- Task prompt
Transcribe the listing below only from the line with "In this example, I" up to and including the line with "写真は、紫パンツを着用してトレーニングジムの写真です。笑って下さい。".

- Data shown
-------

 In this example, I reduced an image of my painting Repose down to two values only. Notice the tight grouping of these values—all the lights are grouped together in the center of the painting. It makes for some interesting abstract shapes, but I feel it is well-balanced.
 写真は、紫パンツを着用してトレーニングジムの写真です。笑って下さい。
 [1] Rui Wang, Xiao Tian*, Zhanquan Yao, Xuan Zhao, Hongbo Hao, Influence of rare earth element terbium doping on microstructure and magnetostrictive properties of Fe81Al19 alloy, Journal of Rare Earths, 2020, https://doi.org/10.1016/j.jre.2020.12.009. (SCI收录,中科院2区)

-------

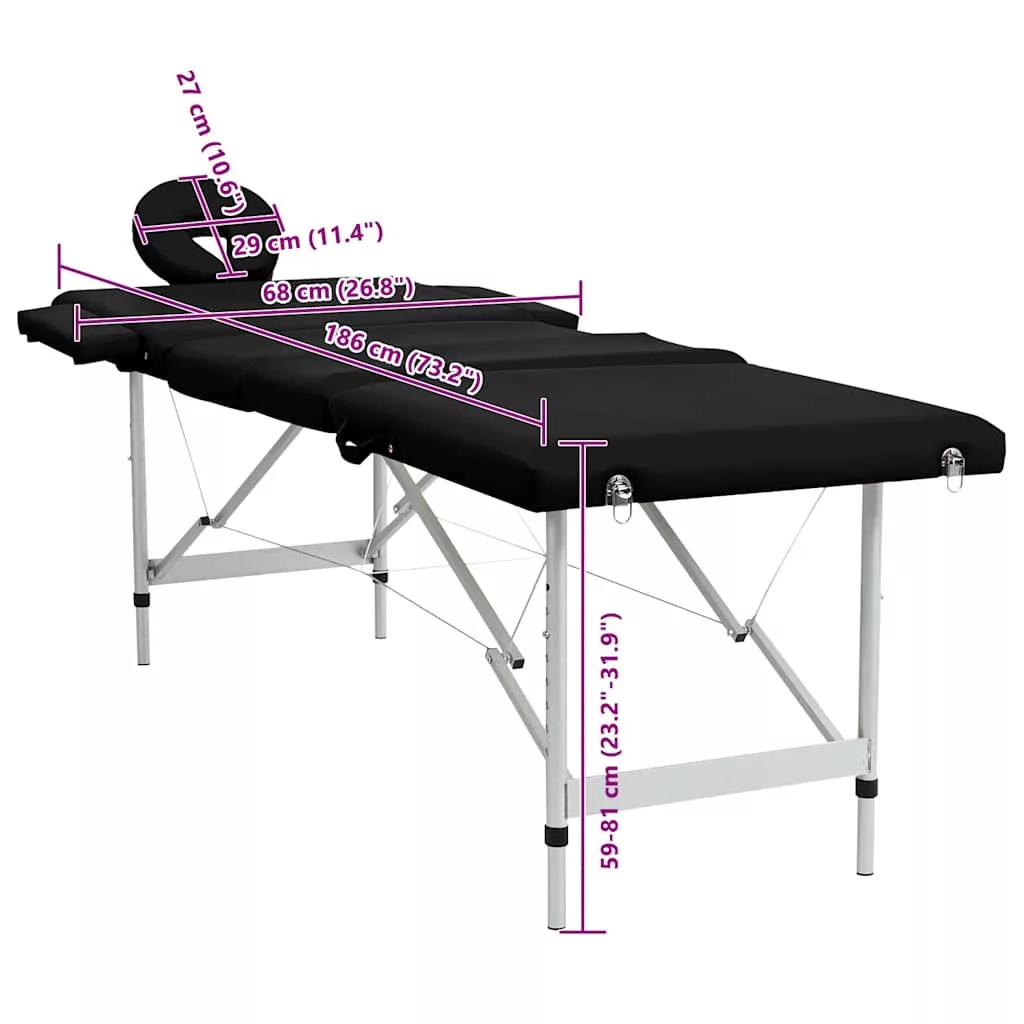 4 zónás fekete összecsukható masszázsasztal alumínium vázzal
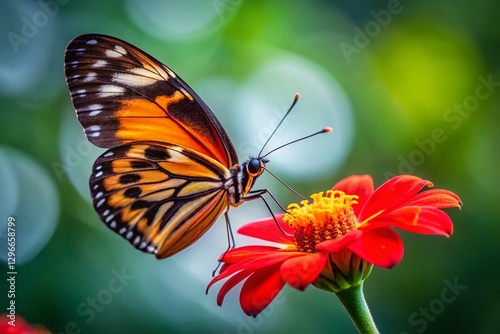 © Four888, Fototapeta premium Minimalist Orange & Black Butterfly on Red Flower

-------

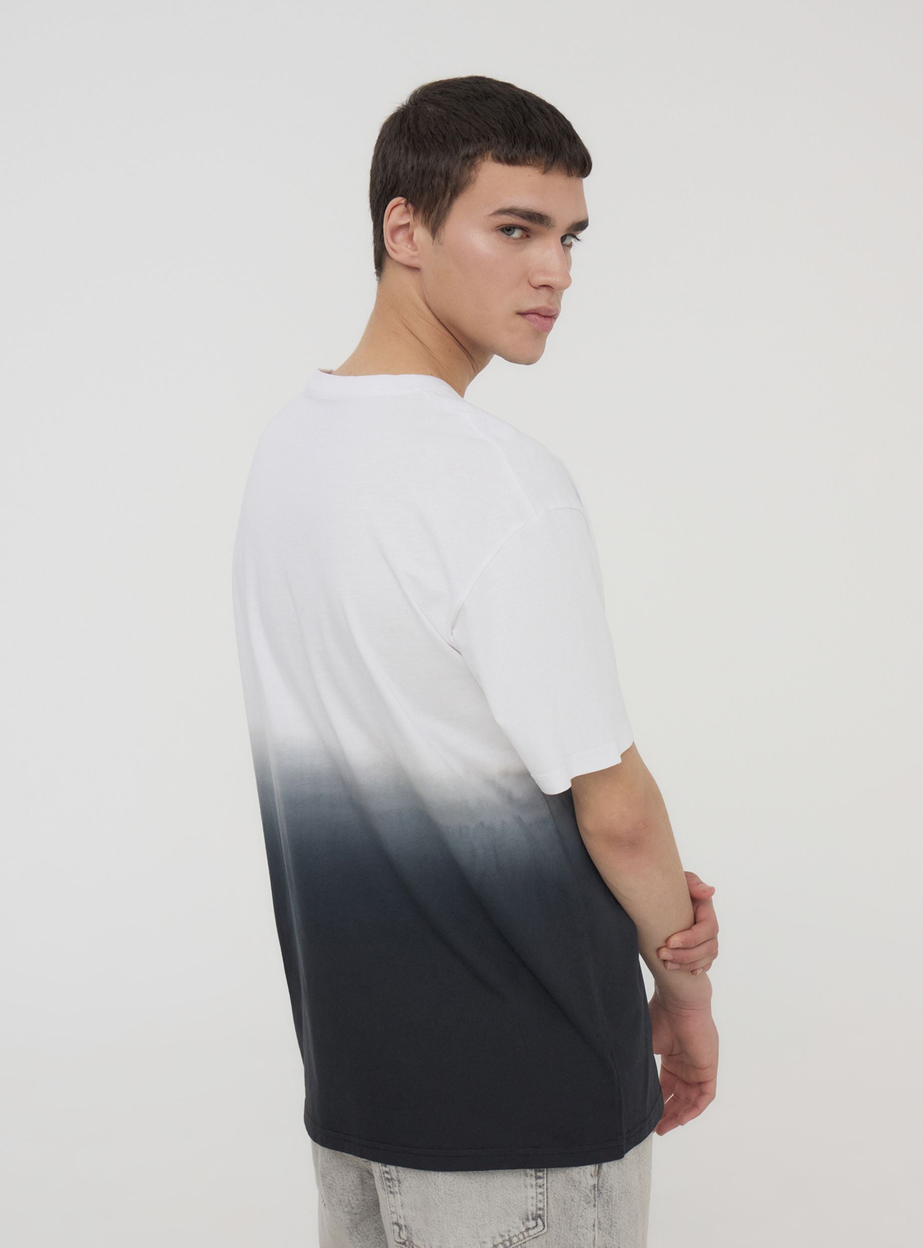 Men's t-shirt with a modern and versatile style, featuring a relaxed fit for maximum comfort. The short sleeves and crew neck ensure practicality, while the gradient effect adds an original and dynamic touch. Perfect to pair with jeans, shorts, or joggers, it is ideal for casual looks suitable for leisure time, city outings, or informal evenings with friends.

-------

- Result for this exercise
 In this example, I reduced an image of my painting Repose down to two values only. Notice the tight grouping of these values—all the lights are grouped together in the center of the painting. It makes for some interesting abstract shapes, but I feel it is well-balanced.
 写真は、紫パンツを着用してトレーニングジムの写真です。笑って下さい。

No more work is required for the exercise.